Кадр из фильма «Дети обвиняют»
* * *
Экспрессионистская поэтика вновь дает о себе знать уже в середине 1950-х годов, с началом обновления польского кино. Интересно, что сперва ее элементы появляются в документалистике, которая, впрочем, нередко прокладывает дорогу новым тенденциям. Один из самых показательных примеров – короткометражка «Дети обвиняют» (Dzieci oskaržajq, 1956), посвященная проблеме алкоголизма и снятая, что любопытно, выпускниками ВГИКа – Эдвардом Скужевским и Ежи Гофманом (впоследствии прославившегося своими историческими блокбастерами). Эта работа наряду с фильмами «Варшава-1956» (Warszawa 1956, реж. Ежи Боссак и Ярослав Бжозовский), «Параграф ноль» (Paragraf Zero, 1957, реж. Влодзимеж Боровик), «Люди из пустого пространства» (Ludzie z pustego obszaru, 1957, реж.

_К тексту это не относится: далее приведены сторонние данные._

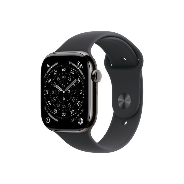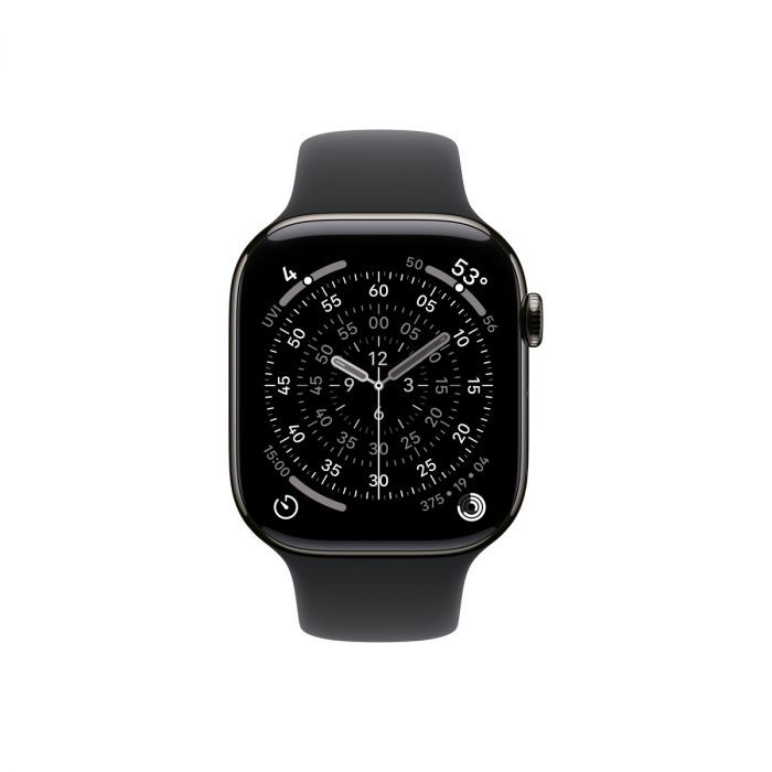 Apple Watch Series 11 GPS + Cellular – 46 mm-es Palaszürke titántok - Éjfekete sportszíj – S/M
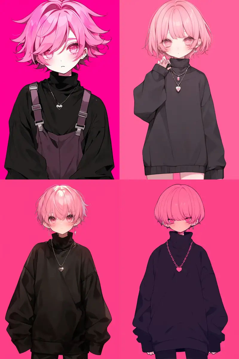 Midjourney Bot 更新时间:2024-07-27 00:02A cute anime boy with pink hair and a pair of pink eyes. He is wearing a loose black oversized long sleeved turtleneck sweater that can touch his knees. The long sleeves have a heart-shaped pendant around his neck and an open collar at the top of his coat. The background color should be pink. Black overalls, in the style of Japanese digital artists, created using digital art technology --niji 6 --ar 2:3

Владислав Шлесицкий и Казимеж Карабаш) и другими обозначила возникновение так называемой «черной серии», представители которой ставили перед собой задачу очистить экранную репрезентацию польской действительности от пропаганды, отказаться от соцреалистической лакировки и, наоборот, усилить темные, проблемные, даже табуированные явления в жизни Народной Польши.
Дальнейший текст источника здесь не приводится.